It’s one of the most common low-stakes annoyances of modern life: At the end of the day, you collapse on the couch and finally have a few minutes to watch one of the dozens of incredible shows or movies you can watch. Thanks to the peak of the television age and the advent of streaming, you’re just rolling. Instead of actually looking at anything, you spend a long night opening the app and aimlessly scrolling through countless rows of identical-looking tiles. you eventually give up and watch office again.
As far as this episode is concerned edge broadcast, we examine why TV and movie recommendations are so complex and whether artificial intelligence can make them better. If Spotify can build unlimited playlists of your favorite music, and YouTube and TikTok always seem to offer something perfect, why can’t Netflix, Hulu, or Max seem to do the same?
It turns out that artificial intelligence can help at least a little. Because models from OpenAI, Google, and others already absorb a lot of information about movies and shows—not just their titles and genres, but all synopses, reviews, recaps, and more from across the web—they can synthesize it. information and find connections between titles that were previously hard to find. As the context window gets larger, these models can actually ingest and understand entire movies at once, which opens up entirely new ways of understanding them.

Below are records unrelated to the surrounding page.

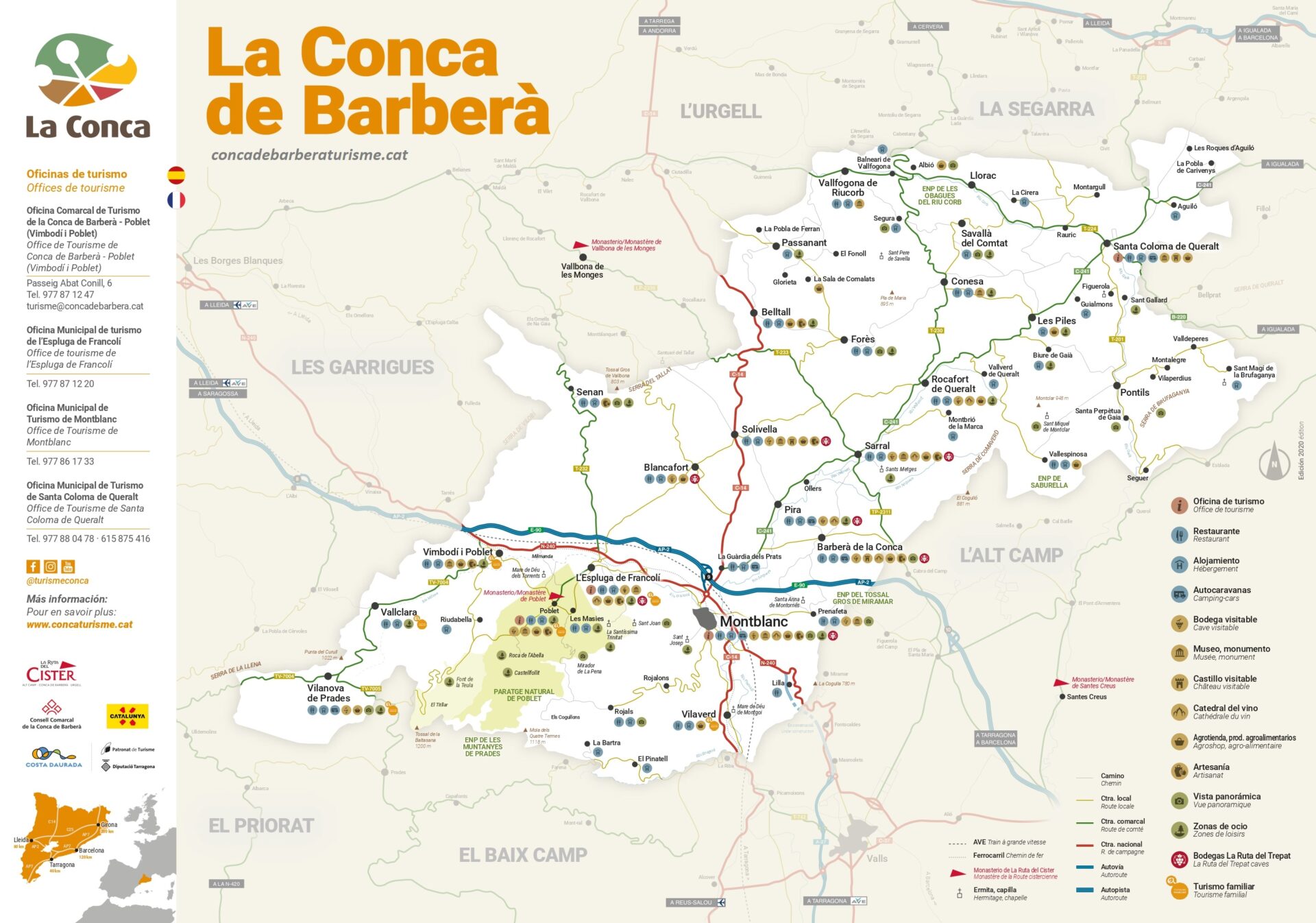 A partir de la visita al monasterio de Poblet o pasear por las calles medievales de Montblanc, el visitante puede retroceder en el tiempo. Puede viajar a la prehistoria, visitando las Cuevas de l’Espluga de Francolí o las pinturas rupestres de Montblanc (Patrimonio de la Humanidad); continuar en el tiempo hasta la Edad Media, y descubrir otros pueblos medievales como: Conesa, Forès, Solivella, Santa Coloma de Queralt, Vallfogona de Riucorb… O seguir las huellas del modernismo, un estilo que da respuesta a la necesidad de adaptarse a los avances tecnológicos ya las nuevas necesidades sociales y mercantiles de inicios del siglo XX, como son las bodegas modernistas, declaradas por la Generalidad de Cataluña Bienes Cultural de Interés Nacional; hacer una cata de vinos de la DO Conca de Barberà y pasear por los viñedos; realizar actividades en la naturaleza, como caminar por los espacios protegidos como el Paraje Natural de Poblet, las montañas de Prades, la sierra de Miramar y el Tossal Gros, la Sallida,…; visitar los museos y espacios culturales y conocer el trabajo de los artesanos…
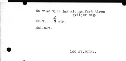 //// t' ' ' " ' ' //// En visa vill jag sjunga, fas t tåren //// qväljer mig. //// ^r.91. ^ str. //// Mel.not. //// t < //// ^ 100 SY.FOLKV. ////
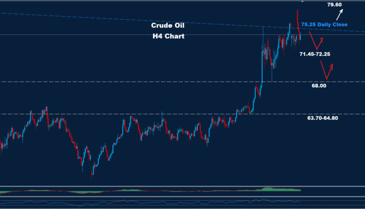 A daily close above 75.25 may activate another advance toward 79.60
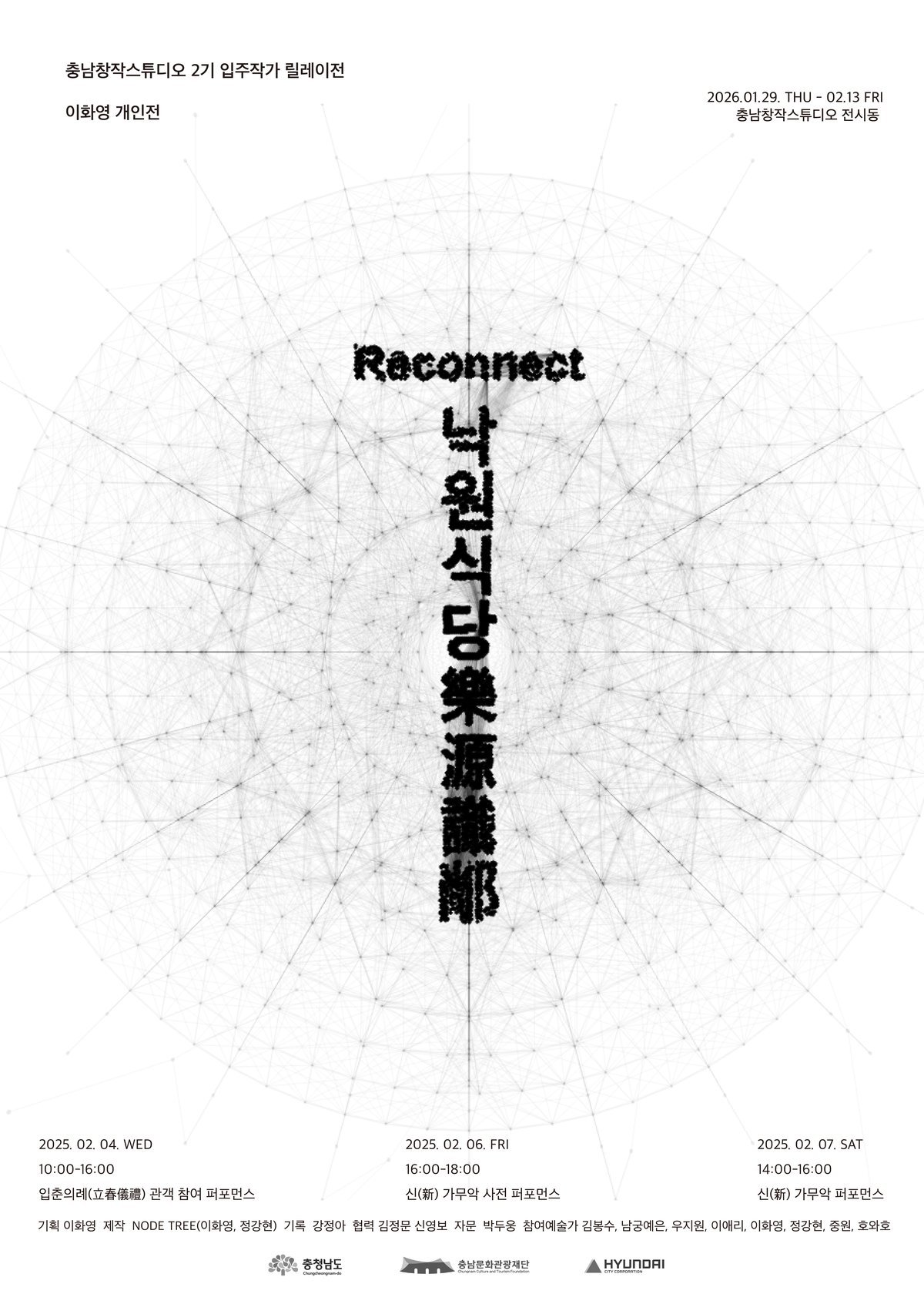배포부서 정책홍보팀 담당부서 문화사업팀 담 당 자 김혜민 주임 충남창작스튜디오, 이화영 작가 개인 릴레이 개최 - 충남창작스튜디오 7회차 릴레이전 '리커넥트:낙원식당 ''26년 1월 29일 ~ 2. 13.까지 운영 - 충남문화관광재단은 오는 1월 29일부터 2월 13일까지 충남창작스튜디오에서 입주작가 릴레이전의 일환으로 이화영 작가의 '리커넥트:낙원식당'개인전을 개최한다. 이번 릴레이전은 충남창작스튜디오 입주작가들에게 개별 전시 기회를 제공함으로써 창작 활동을 장려하고 스튜디오의 지속적인 프로그램 운영과 전시 기획을 통해 입주작가 및 공간에 대한 홍보 효과를 제고하기 위해 마련됐다. 이화영 작가의 이번 전시 'Reconnect: 낙원식당'은 일제강점기 예술인들의 거점이었던 율방 '낙원식당'을 현대적 감각으로 재해석한 작업이다. 작가의 개인적 예술 실천과 'URBAN ARCHIVE ART PROJECT TEAM NODE TREE'가 축적해 온 지역 기록을 감각적 관계망으로 엮어내며 설치 및 인터랙티브 미디어를 활용한 관객 참여형 작품을 통해 과거와 현재를 연결한다. 전시의 핵심 개념인 '신 가무악'은 노래·춤·악기가 분리되기 이전 하나의 '판'위에서 공명하던 전통적 구조를 동시대적으로 재해석한 개념이다. 전통은 재현의 대상이 아니라 기술과 몸짓, 관객의 참여가 만나 사건이 성립하는 구조로 호출되며 관객은 전시의 구성원으로 참여하게 된다. 대표작 "층위의 방주: 부재의 심연을 걷는 상징체"는 폐어구, 폐스티로폼, 스테인리스 구체와 인터랙티브 사운드를 결합한 설치 작업으로 산업 시스템이 남긴 잔여물을 통해 '사후적 진실'을 재조립한다. 관객의 촉각적 접촉을 통해 바다의 파편적 음향과 지역의 선율이 교차하며 사라진 장소의 기억이 현재로 소환된다. 이와 함께 "유연직례: 심연을 엮는 의례", "지연된 신호: 부재의 인덱스", 그리고 작가의 초기 작업 "line of tissue"가 함께 전시되어 20여 년에 걸친 작업 세계와 '기록의 계보'를 입체적으로 조망한다. 또한 이번 전시는 충남 고유의 문화 자산인 '중고제 가무악'을 현대적으로 재해석한 퍼포먼스 "Moment of Reconnect"를 운영한다. 2월 6일 오후 4시에는 '파형의 유영'을 주제로 한 열린 리허설이 진행되며 2월 7일 오후 2시에는 서해안 일대에서 수집한 미학적 파편을 엮은 본 공연 '신 가무악'이 펼쳐진다. 특히 이번 프로그램에는 승무 분야의 이애리 명인이 협업해 전통과 현대 예술이 교차하는 새로운 예술적 시도를 선보일 예정이다. 이화영 작가는 개인과 공동체, 삶과 예술의 관계를 새롭게 사유하는 뉴미디어 작업을 지속해왔다. 주요 전시 이력으로는 △위성악보 시리즈 '국경', 신동엽문학관, 부여 △위성악보 시리즈 'KARMA', 부소갤러리, 부여 △'고속화도로 로망스'전시·공연, 경기상상캠퍼스, 수원 등이 있다.

But ultimately, recommendations are a person’s problem. Because we are all human. What you want to see and why you like what you like are far more complex and far more varied than the best models can understand. So the idea of sitting down and turning on Netflix and having the right title displayed instantly isn’t something that’s going to happen anytime soon. So instead of hoping for the best, we’re immediately looking into ways to use artificial intelligence tools to at least get your content faster. Because watching movies is great; scrolling through too much content is grossly overrated.